ABOUT THIS TASK: First find the line with "хороший аэратор. |" in the entries below, then set down exactly every line through the line with "Predstavljamo mekani piskajući", that line included.

SUPPLIED DATA:

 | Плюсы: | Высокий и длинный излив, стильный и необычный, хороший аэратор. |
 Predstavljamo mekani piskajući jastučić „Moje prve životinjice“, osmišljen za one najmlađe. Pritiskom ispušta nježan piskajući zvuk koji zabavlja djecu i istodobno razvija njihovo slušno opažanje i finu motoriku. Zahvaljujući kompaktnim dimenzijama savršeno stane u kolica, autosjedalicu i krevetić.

--

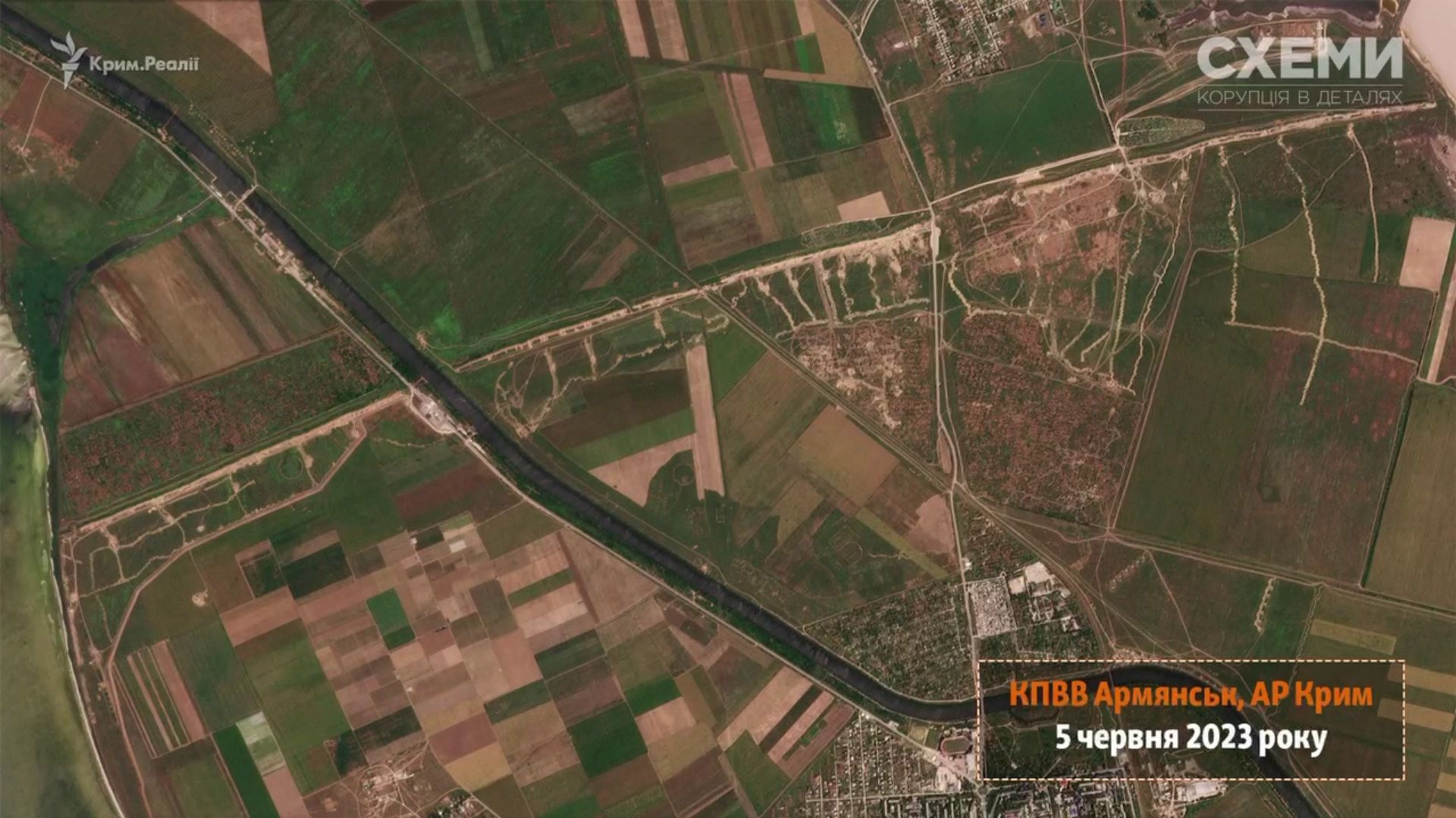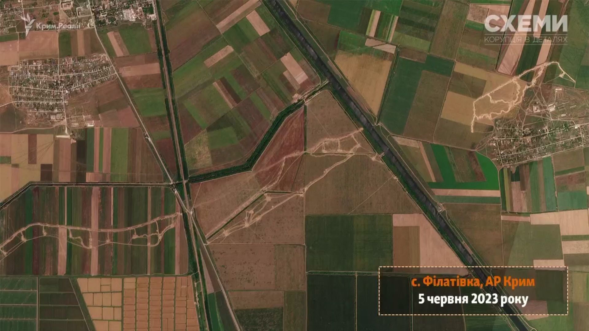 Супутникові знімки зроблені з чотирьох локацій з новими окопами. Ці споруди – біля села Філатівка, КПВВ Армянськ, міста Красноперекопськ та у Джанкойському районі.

--

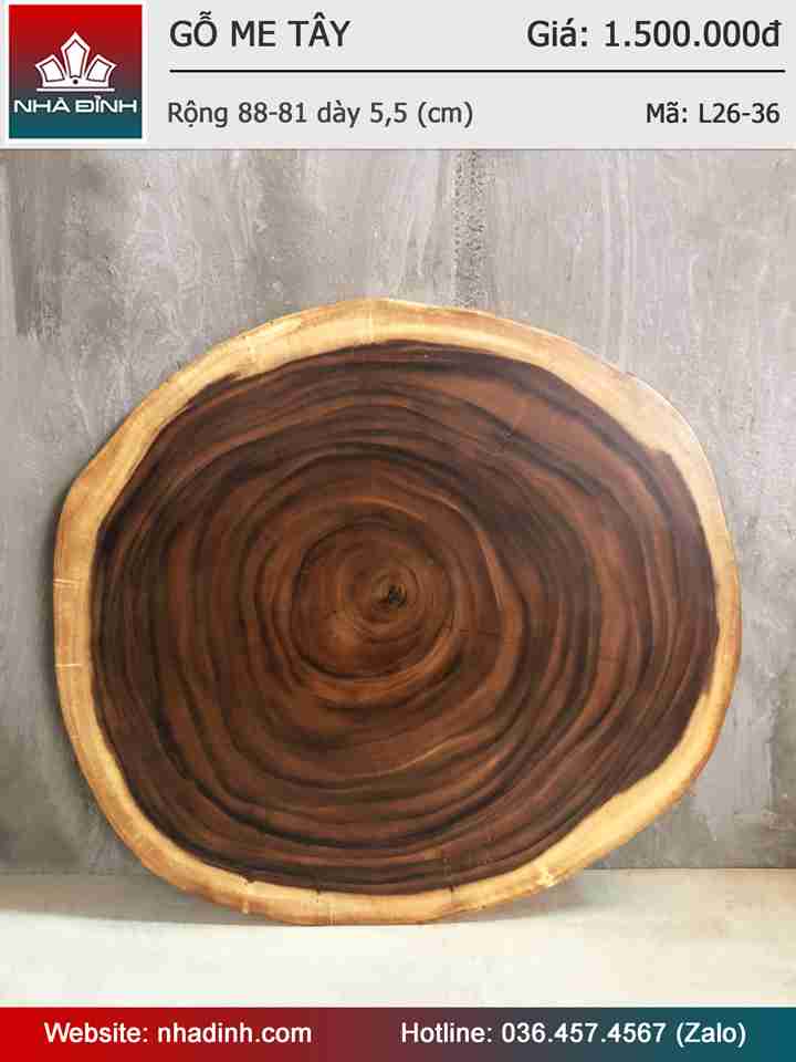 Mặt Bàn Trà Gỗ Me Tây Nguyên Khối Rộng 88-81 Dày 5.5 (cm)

TASK OUTPUT:
 | Плюсы: | Высокий и длинный излив, стильный и необычный, хороший аэратор. |
 Predstavljamo mekani piskajući jastučić „Moje prve životinjice“, osmišljen za one najmlađe. Pritiskom ispušta nježan piskajući zvuk koji zabavlja djecu i istodobno razvija njihovo slušno opažanje i finu motoriku. Zahvaljujući kompaktnim dimenzijama savršeno stane u kolica, autosjedalicu i krevetić.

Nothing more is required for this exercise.